For an example, the ELIZA program described below is a typical example from the sixties where a very simple program raised some serious kind of questions about the behavior of human intelligence. Amongst other things, ELIZA helped psychologists and philosophers to question the idea of what it means to 'understand' in natural language (for example English) conversations
By saying that Artificial Intelligence helps us understand the nature of human intelligence in society, we should notice that AI researchers are increasingly studying multi-agent systems, roughly speaking, which are, collections of AI programs able to cooperate/compete and communicate on small job towards the completion of big tasks. This means that the social nature of intelligence, rather than, individual, is now a subject within range of computational studies in AI.

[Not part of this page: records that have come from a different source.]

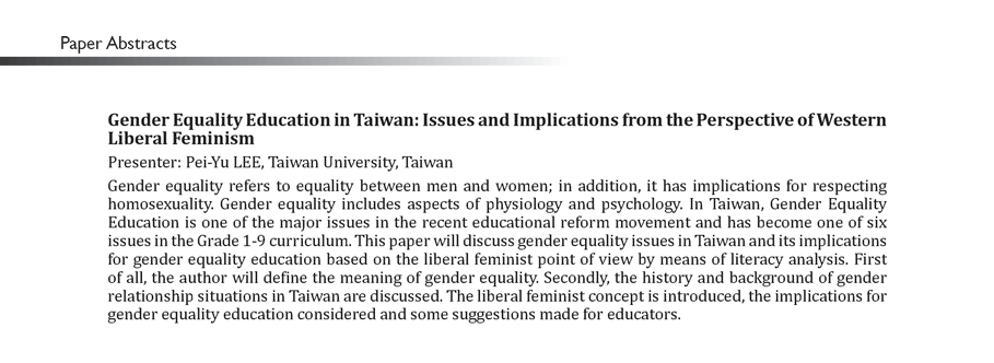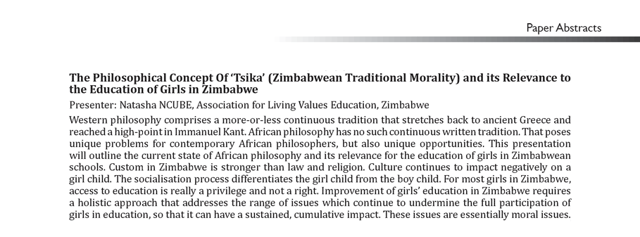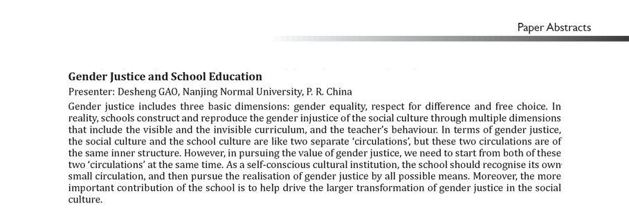 GENDER AND MORAL EDUCATION The Philosophical Concept Of ‘Tsika' (Zimbabwean Traditional Morality) and its Relevance to the Education of Girls in Zimbabwe Natalia NCUBE Gender Justice and School Education Desheng GAO Gender Equality Education in Taiwan: Issues and Implications from the Perspective of Western Liberal Feminism Pei-Yu LEE |
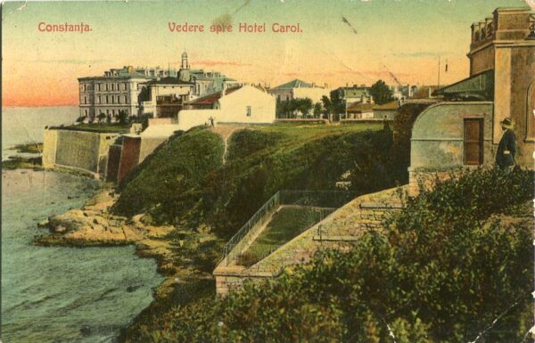 Romania: Unused postcard titled ‘Vedere spre Hotel Carol’. ed. Maier & Stern
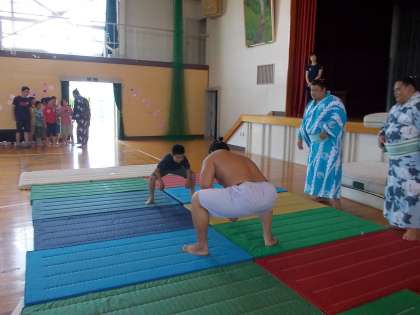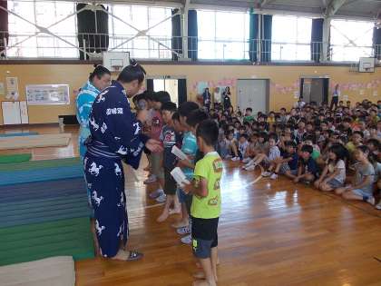 おすもうさんはすごいな!【6月27日(月)の4年生】 公開日 2016/06/27 更新日 2016/06/27 4年 荒汐部屋のおすもうさんたちが、浅井中小学校にやってきました。 4年生からも、わんぱく相撲大会に参加する児童が、挑戦をしました。 最後は担任も挑戦し、玉砕・・・ 「先生でも勝てないんだ。」おすもうさんってほんとに強いですね。 たくさん食べて、たくさんけいこをしているからだね。
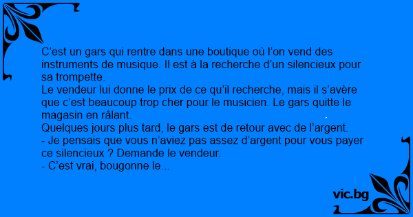 C’est un gars qui rentre dans une boutique où l’on vend des instruments de musique. Il est à la recherche d’un silencieux pour sa trompette.
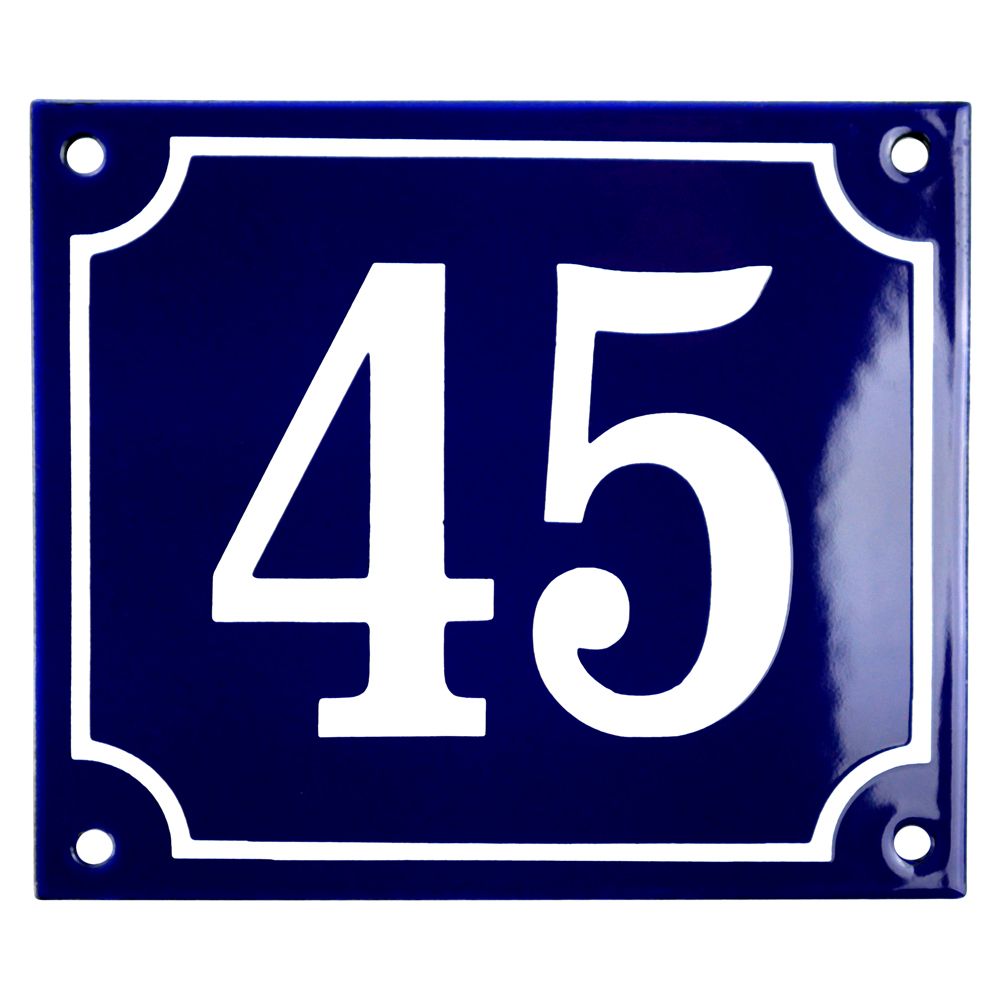 Emaljskylt 45 blå - vit 14 x 12 cm modell 11
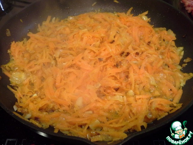Лук и чеснок мелко режем, морковь натираем на терке и все обжариваем на растительном масле.
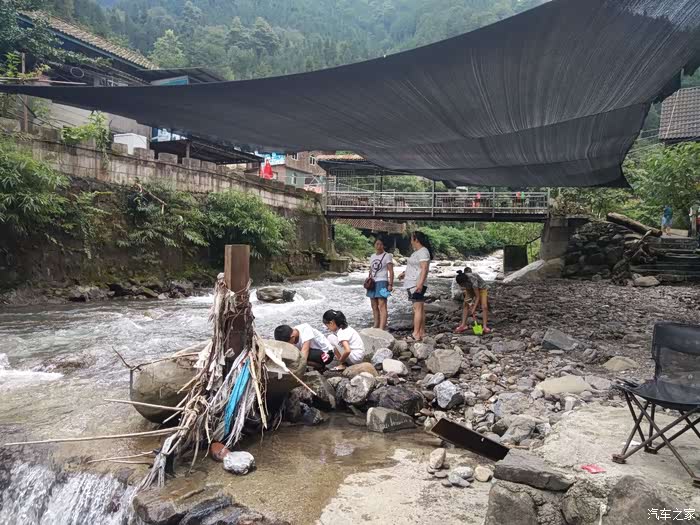 农家想得很周到,在沟滩拉起了遮阳网,在沟下玩水就不怕晒到太阳。
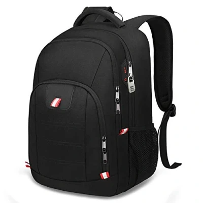 LARGE CAPACITY - Men travel backpack owns 20+ Independent pockets for large storage and organization for small items. 3 spacious main multi compartments with many hidden pockets can accommodate lots of stuffs like college supplies, travel accessories, clothes, stationery, notebook, Side deep zipper pocket for easy access essentials. Side elastic net pockets conveniently hold travel gear umbrellas or water bottles. Ideal book bag backpack for perfectly. DIMENSION & SCRATCH RESISTANT MATERIAL - Size of extra large college backpack: 12.6 *7.8*19.6 (inches). Capacity:45L. Separate padded laptop compartment fits most 13, 14, 15, 15.6, 16, 17, and up to 17.3 inch laptop/Ipad/Computer. Laptop backpack/computers for women, men and teacher. The business computer backpack made from high quality polyester fabric shockproof with high density nylon lining for better TEAR & WATER RESISTANT and heavy duty backpack. Anti-theft & SAFE - Included a THEFT PROOF COMBINATION LOCK & DURABLE MENTAL ZIPPERS, protects wallet and other items inside from thief and offers a private space. USB CHARGING PORT & NIGHT LIGHT REFLECTIVE - With built in USB charger outside and built in charging cable inside, this usb backpack offers you a more convenient way to charge your phone while walking. Please noted that this backpack doesn't include the power bank itself, usb charging port only offers an easy access to charge. NIGHT LIGHT REFLECTIVE design on the front of the backpack will keep all the users safe when use the backpack in the night or dark area. BREATHABLE & COMFORTABLE - Padded and breathable mesh back panel of this computer rucksack design help for the air convection, ventilation and heat elimination. Comfortable wide breathable mesh shoulder straps with plentiful sponge pad help relieve the stress from your shoulder. Both sides of the shoulder strap with lanyard design, can hang sunglasses and other small pendants. Premium bookbags for men also backpack.
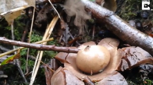 Joanna Szturemska ghi lại cảnh tượng nấm gaestrum phun bào tử để sinh sản khi bao chứa bào tử bị tác động trong công viên Sankey Valley, Warrington, Anh, Story Trender hôm 10/1 đưa tin.
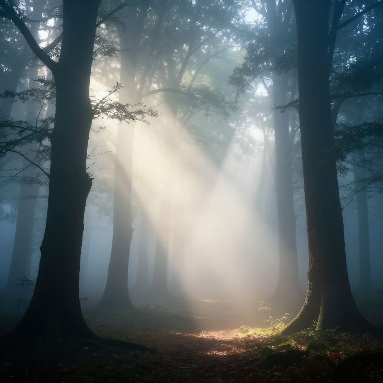 Photograph of a misty forest with sunbeams piercing through tall trees, creating a ethereal, glowing light effect on the forest floor.
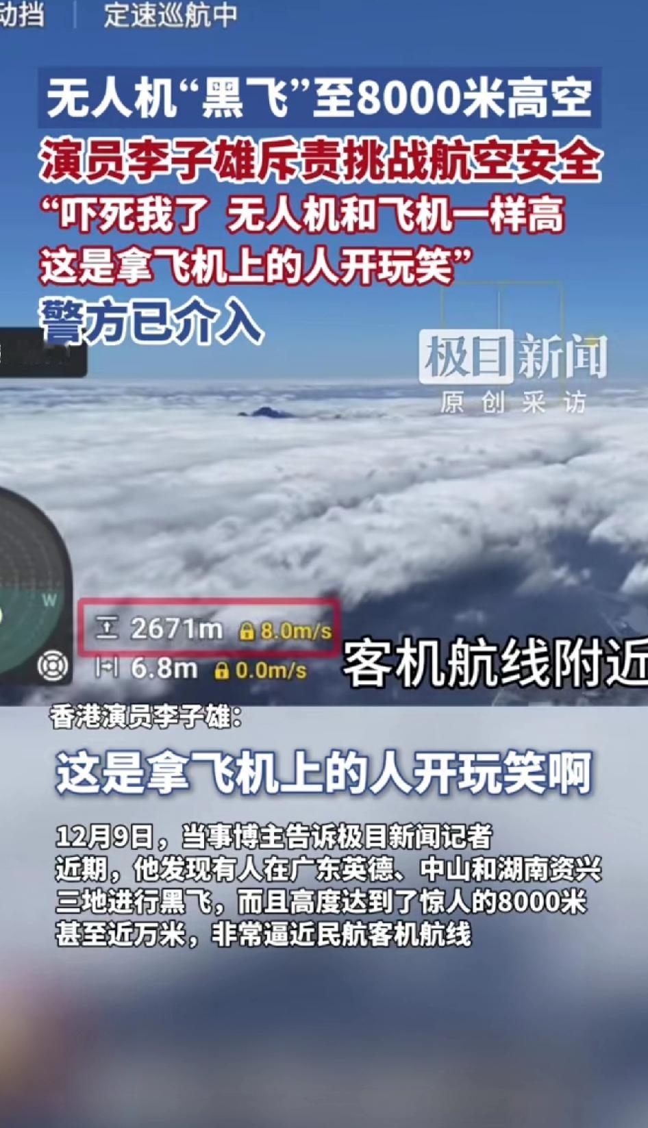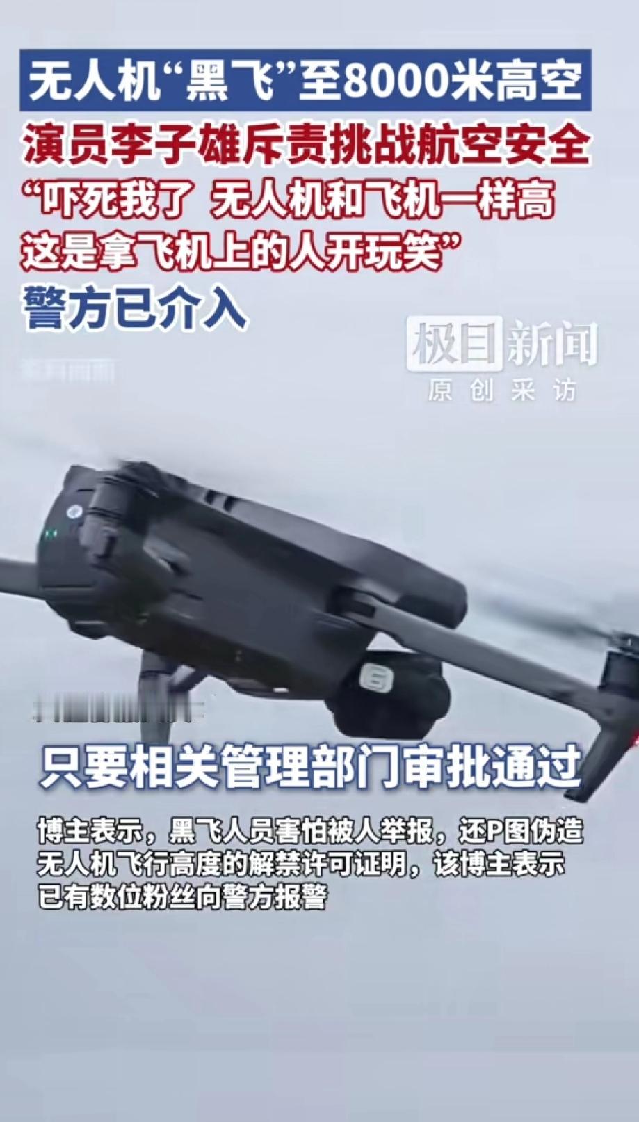 演员李子雄斥责无人机“黑飞”至8000米高空,挑战航空安全。 他刚乘机过来,看到相关“黑飞”视频后直呼“吓死我了”。 原来,一名地图分析博主发布了广东、湖南等地的“黑飞”解密视频,经分析,这些无人机冲破云层,基本都在8000米以上高度飞行,甚至逼近万米高空,而这可是民航航线所在高度。 李子雄:吓死我了,无人机跟飞机飞一样高,这是拿飞机上的人开玩笑。 “黑飞”者还贴出所谓合法飞行凭证,但真实性存疑。 以中山为例,“黑飞”当天近百架次航班从头顶飞过,航线密集。 大疆客服称日常飞行不超120米不用报备,超了就得申请解禁。“黑飞”是对公共安全的直接挑衅,必须严肃对待! 虽然我没坐过飞机,但无人机飞8000米确实太危险了。 不要不把别人的生命不当回事,出了事谁也担不起责任。
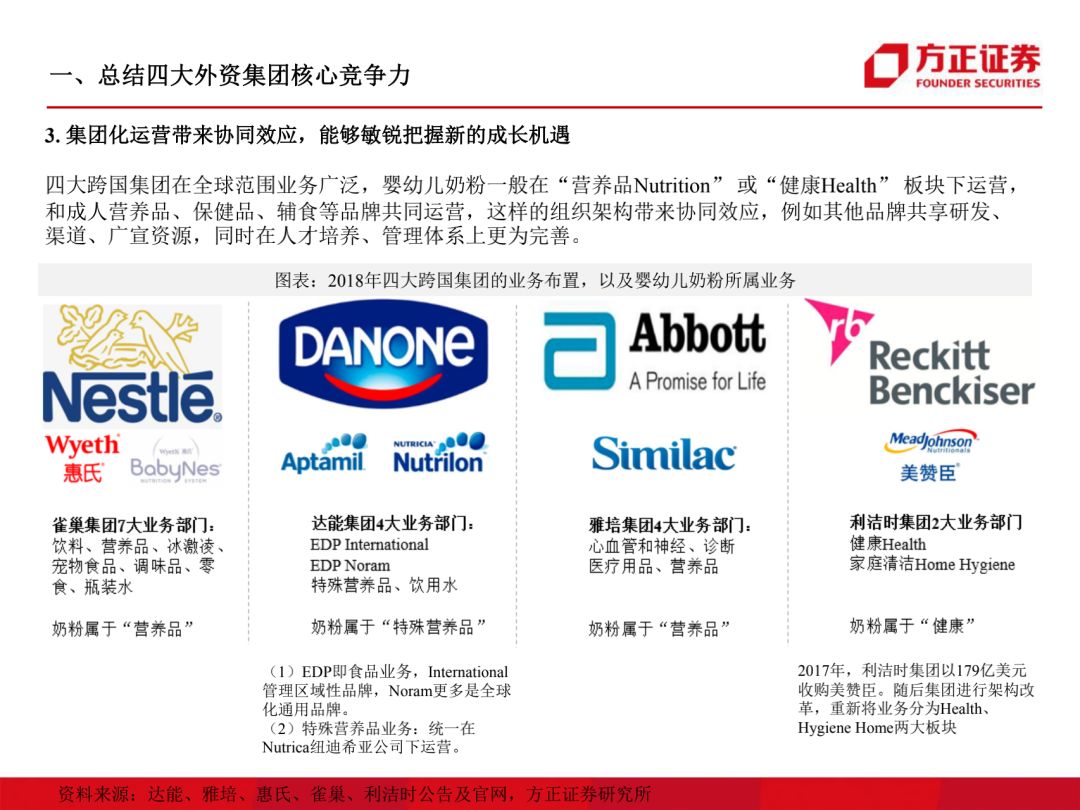 (1)跨国集团的“老四大粉”:雀巢集团(惠氏等)、达能集团(爱他美)、利洁时集团(美赞臣)、雅培集团(ABT.US)。
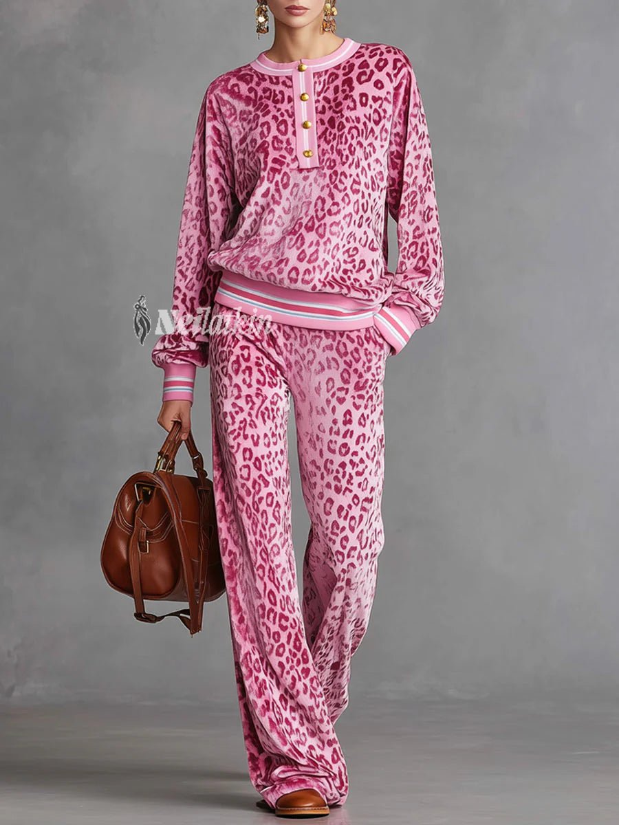 Casual pink velvet leopard print sweatshirt and wide-leg pants set
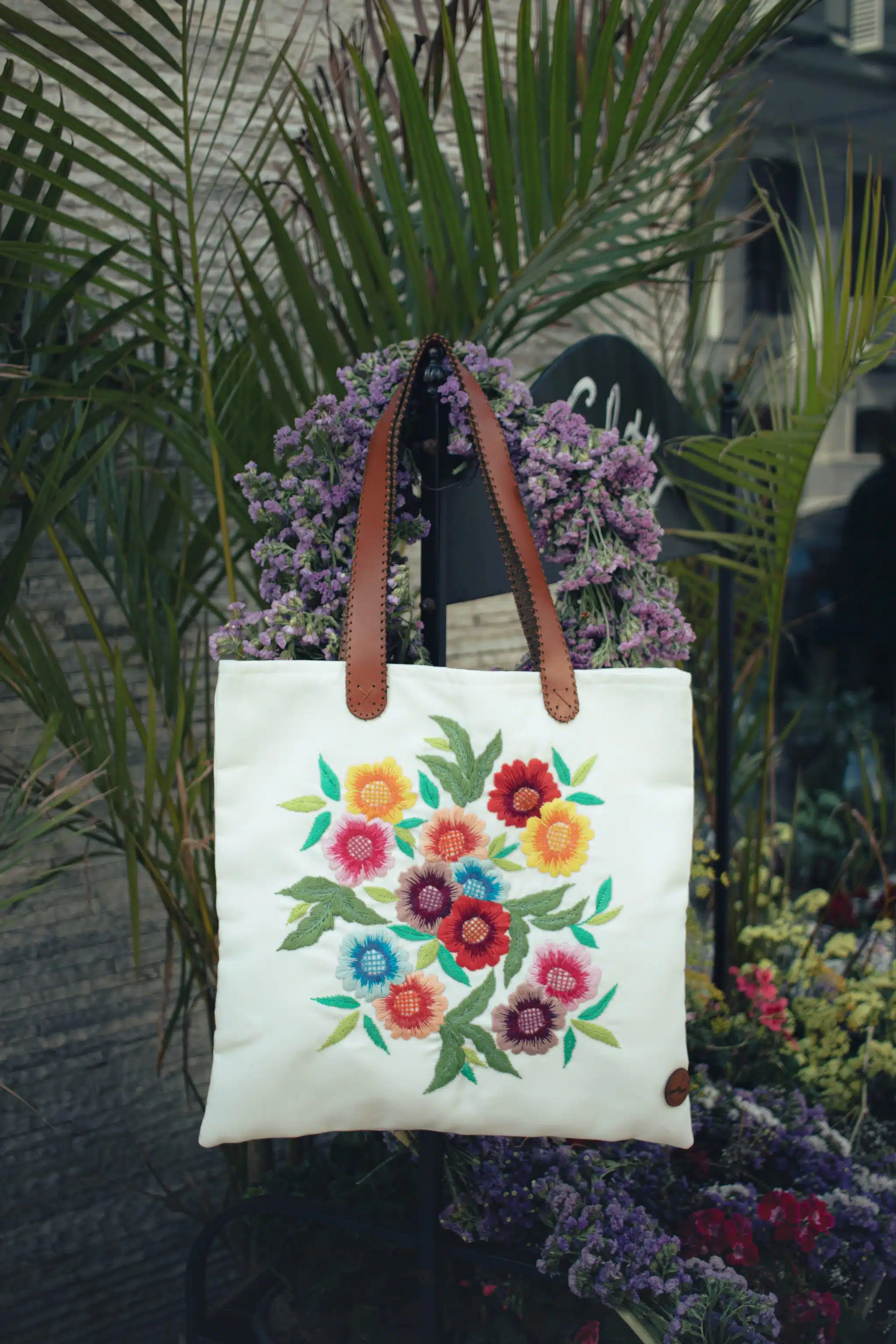 Handmade linen bag crafted from natural linen fabric, handle made of genuine leather. Size 40×40

Certainly, humans are not the only living, and the questions of life (including intelligent life) poses even bigger questions. Surely, some Artificial Life (ALife) researchers have big plans for their software. They want to use them to:
Give birth to new life forms.
A study of Artificial Life will surely throw light on what this means for a difficult system to be 'alive'. Furthermore, ALife researchers hope that, in creating artificial life-forms, given time, intelligent nature will emerge, mostly like they did in human evolution. Therefore, there can be practical applications of an ALife approach. In particular, evolutionary algorithms (where parameters and programs are evolved to perform a specific task, rather than to exhibit signs of life) are becoming mainstream in AI.